**Task item:** Excluding pictures, what does the listing below contain from the line with "6月27日拍攝的浙江省余姚市梁弄鎮汪巷村荷塘(無(wú)人機照片)。" up to and including the line with "WT, винный дом", word for word?

**Dataset excerpts:**
----------

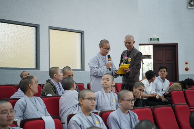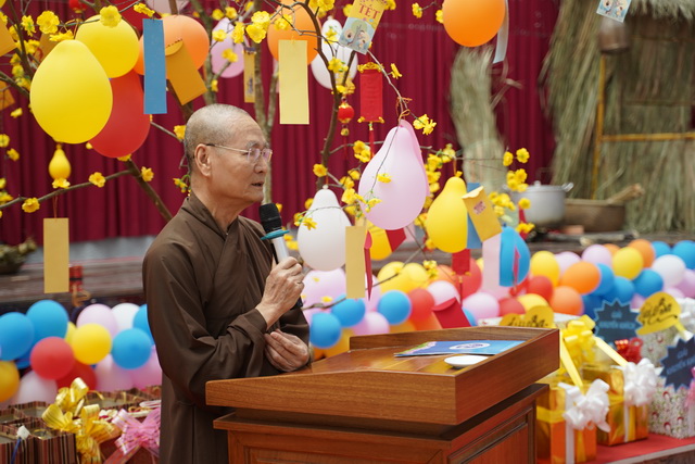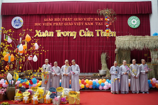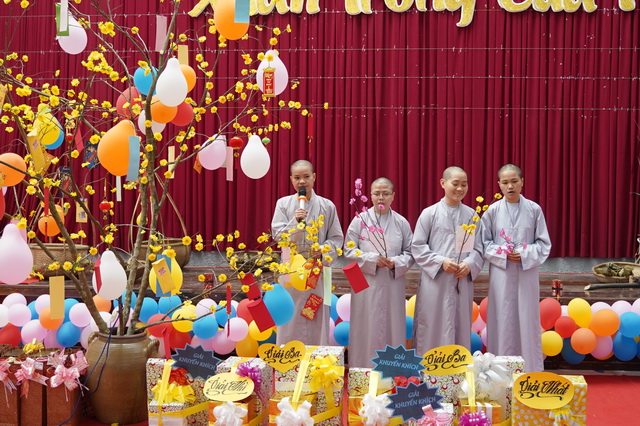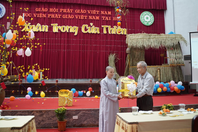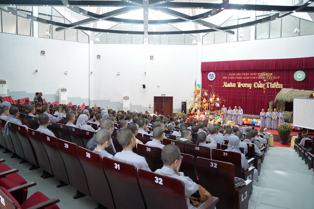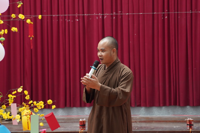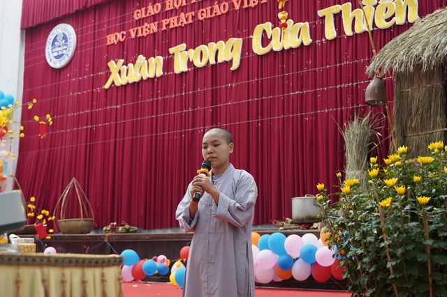 Sau lời đạo từ của Hòa thượng Viện trưởng là chương trình văn nghệ do các Tăng Ni sinh biểu diễn cùng một số hoạt động giao lưu, bốc thăm trúng thưởng đã mang lại niềm vui cho Tăng Ni sinh nhân dịp đón mừng xuân mới.
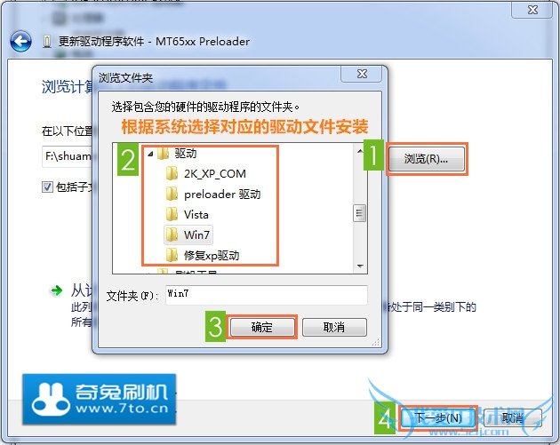 4.在对话框中选择 “浏览计算机以查找驱动程序” 如下图所示选择相应“驱动”的目录
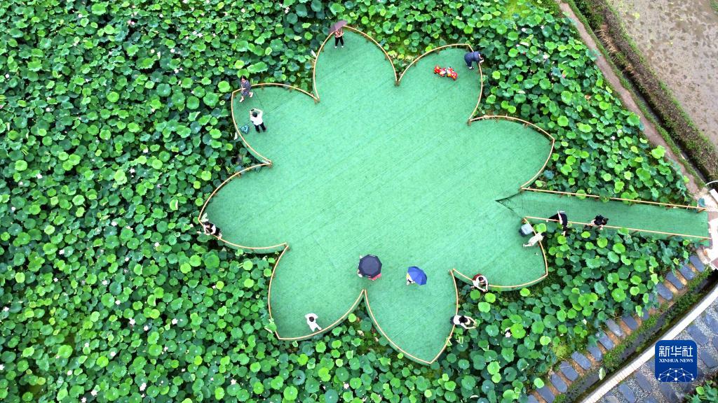 6月27日拍攝的浙江省余姚市梁弄鎮汪巷村荷塘(無(wú)人機照片)。
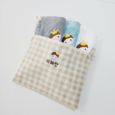 핑크,옐로,민트체크 파우치에비해 두께감이 있습니다.
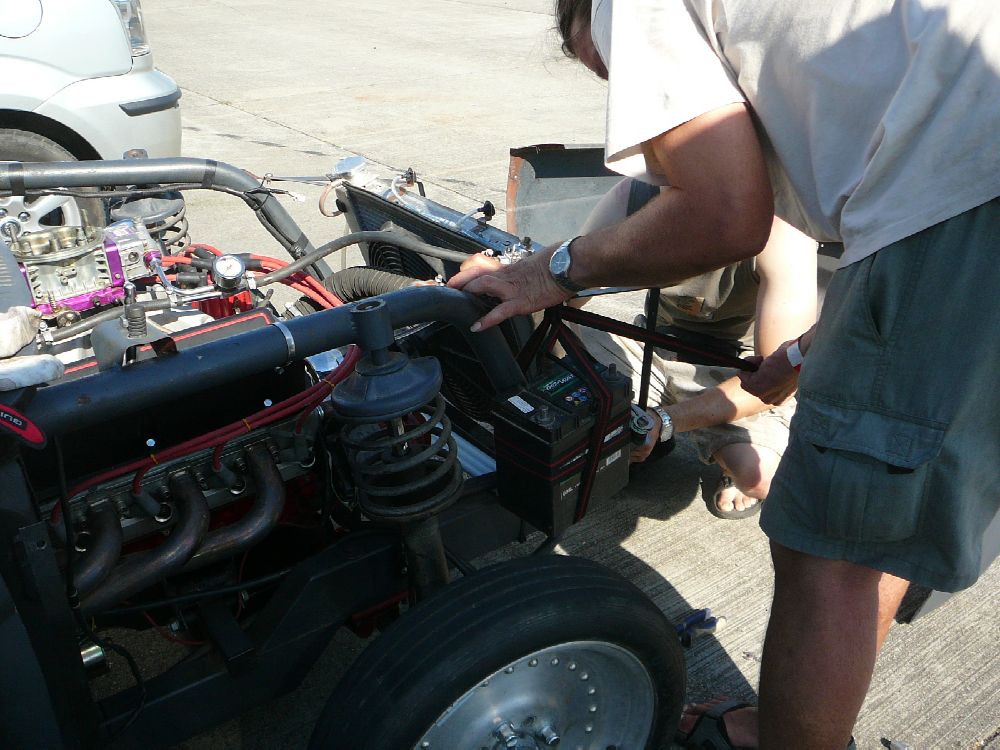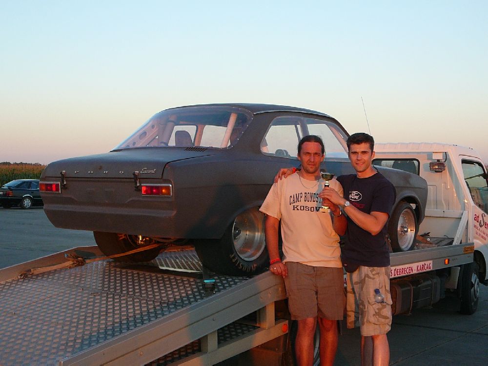Tegnapi napon versenyen voltunk az Escorttal. Most volt az első olyan, hogy érthetetlen műszaki problémák voltak a géppel. Leginkább abban nyilvánult meg, hogy nem akaródzott indulni, nem forgatta az önindító rendesen. Akku feszkó volt, kicseréltük az aksit de akkor is csak egy futamot bírt ki és azután megint nem indult, nem forgatta át a motort az önindító. Ha be is indult ha sebességbe lett rakva fulladozott, ami egy automata váltónál érthetetlen dolog. A végén úgy lett orvosolva a dolog, hogy az aksit előre költöztettük rövid kábelekkel és fura módon mindennemű probléma megoldódott.
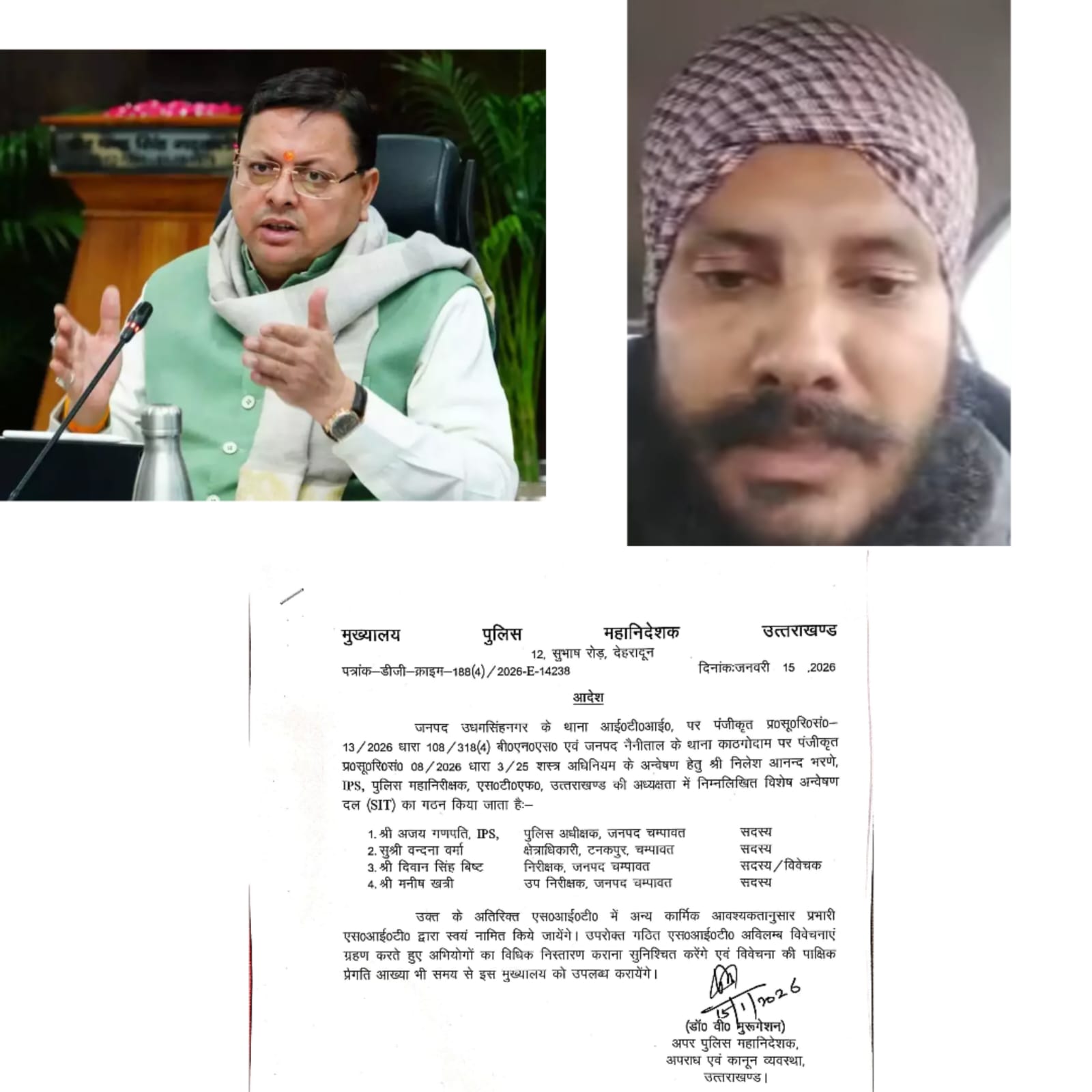 ▪️उक्त प्रकरण से सम्बन्धित अभियोगों की गहन विवेचना हेतु पुलिस महानिरीक्षक एसटीएफ श्री नीलेश आनन्द भरणे की अध्यक्षता में 5 सदस्यीय विशेष अन्वेषण दल (SIT) का गठन किया गया है। SIT में पुलिस अधीक्षक चम्पावत- श्री अजय गणपति, क्षेत्राधिकारी टनकपुर- सुश्री वन्दना वर्मा, निरीक्षक श्री दिवान सिंह बिष्ट, जनपद चम्पावत एवं उपनिरीक्षक श्री मनीष खत्री, जनपद चम्पावत को सम्मिलित किया गया है।
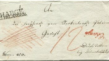 Es war ein Einfachen Brief und 1/2 Loth ist oben links notiert geworden. So kommen die Taxen. Warum haben die Preussen 1 + 6 = 7 gute Groschen gerechnet. Ab Saarbrücken bis wohin? Bayern hat für die Strecke durch Bayern 20 Kreuzer gerechnet (zuerst ist 25 Kreuzer notiert geworden, ist aber sofort in 20 korrigiert geworden). 20 Kreuzer ist nach Tarif von 1810 gleich 54-60 Meilen, gleich bis 450 Kilometer. Rothenburg nach Saarbrücken ist nicht mehr als 300 Kilometer. Es stimmt dann wahrscheinlich nicht dass es 1/2 Loth ist.
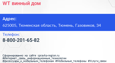 WT, винный дом по адресу 625005, Тюменская область, Тюмень, Газовиков, 34 в дальнейшем Организация, размещена в следующих категориях:
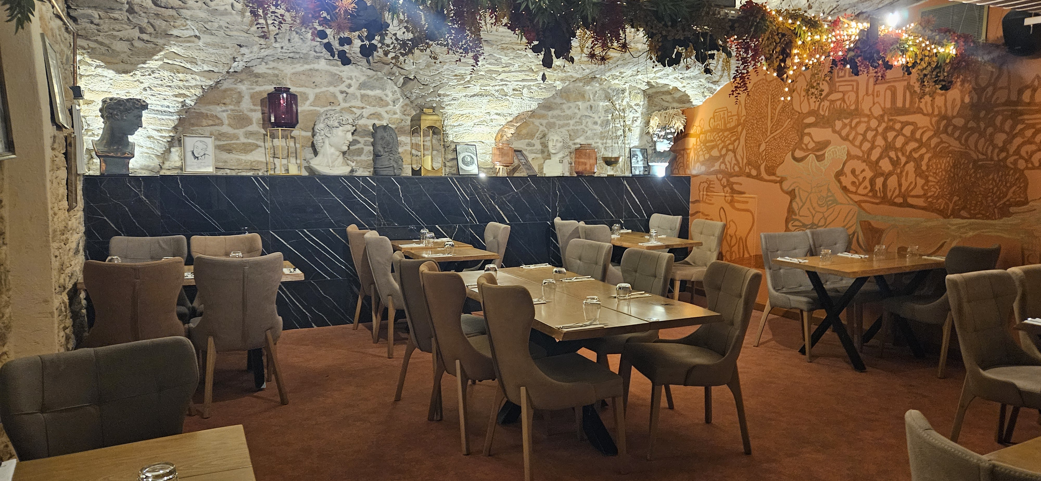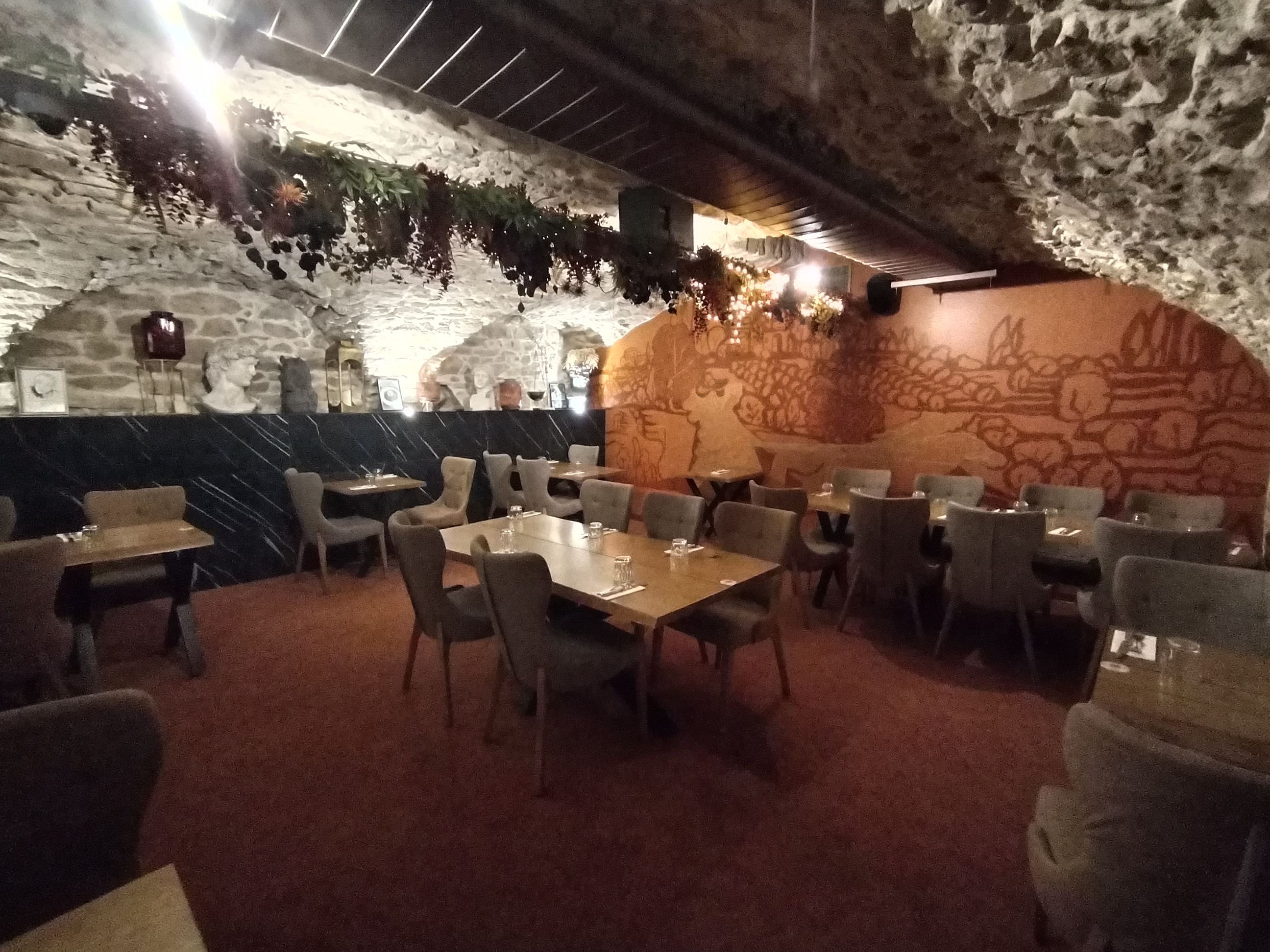 Très beau cadre avec une belle décoration raccord avec les lieux. On passe d'une salle à l'autre avec des espaces en voûtes et un éclairage favorisant une ambiance intimiste. Certaines salles peuvent accueillir des groupes. La cuisine est bonne et les plats variés. Les prix sont corrects. Pour ce qui est du service par contre, c'est un peu désordonné...nous étions un groupe (avec réservation ) et les commandes sont arrivées incomplètes, le serveur perdait patience et le montrait ostensiblement. Plusieurs serveurs différents se sont succédés mais la communication entre eux n'était pas raccord. On nous annonce que des plats commandés ne sont plus disponibles et qu'ils nous faut en choisir d'autres ( ça peut arriver !)...je pense que les serveurs manquaient de formation (le service, ça s'apprend !) Et que, ceux qui sont excédés de servir doivent laisser leur place à ceux qui aiment ce métier...ou les gens tout court. Enfin, lorsqu'on a dû être encaissés, on nous annonce des plats à payer qu'on n'a pas commandé...ils avaient oublié de décompter ceux qu'on n'avait pas pu avoir car en rupture. Ça faisait un peu y en a un qui n'a pas payé ! Pour résumer, bonne cuisine, beau cadre mais service à revoir. Je reviendrai sans doute pour la cuisine et voir comment les choses ont évolué depuis...

----------

**Written reply:**
 6月27日拍攝的浙江省余姚市梁弄鎮汪巷村荷塘(無(wú)人機照片)。
 핑크,옐로,민트체크 파우치에비해 두께감이 있습니다.
Tegnapi napon versenyen voltunk az Escorttal. Most volt az első olyan, hogy érthetetlen műszaki problémák voltak a géppel. Leginkább abban nyilvánult meg, hogy nem akaródzott indulni, nem forgatta az önindító rendesen. Akku feszkó volt, kicseréltük az aksit de akkor is csak egy futamot bírt ki és azután megint nem indult, nem forgatta át a motort az önindító. Ha be is indult ha sebességbe lett rakva fulladozott, ami egy automata váltónál érthetetlen dolog. A végén úgy lett orvosolva a dolog, hogy az aksit előre költöztettük rövid kábelekkel és fura módon mindennemű probléma megoldódott.
 ▪️उक्त प्रकरण से सम्बन्धित अभियोगों की गहन विवेचना हेतु पुलिस महानिरीक्षक एसटीएफ श्री नीलेश आनन्द भरणे की अध्यक्षता में 5 सदस्यीय विशेष अन्वेषण दल (SIT) का गठन किया गया है। SIT में पुलिस अधीक्षक चम्पावत- श्री अजय गणपति, क्षेत्राधिकारी टनकपुर- सुश्री वन्दना वर्मा, निरीक्षक श्री दिवान सिंह बिष्ट, जनपद चम्पावत एवं उपनिरीक्षक श्री मनीष खत्री, जनपद चम्पावत को सम्मिलित किया गया है।
 Es war ein Einfachen Brief und 1/2 Loth ist oben links notiert geworden. So kommen die Taxen. Warum haben die Preussen 1 + 6 = 7 gute Groschen gerechnet. Ab Saarbrücken bis wohin? Bayern hat für die Strecke durch Bayern 20 Kreuzer gerechnet (zuerst ist 25 Kreuzer notiert geworden, ist aber sofort in 20 korrigiert geworden). 20 Kreuzer ist nach Tarif von 1810 gleich 54-60 Meilen, gleich bis 450 Kilometer. Rothenburg nach Saarbrücken ist nicht mehr als 300 Kilometer. Es stimmt dann wahrscheinlich nicht dass es 1/2 Loth ist.
 WT, винный дом по адресу 625005, Тюменская область, Тюмень, Газовиков, 34 в дальнейшем Организация, размещена в следующих категориях:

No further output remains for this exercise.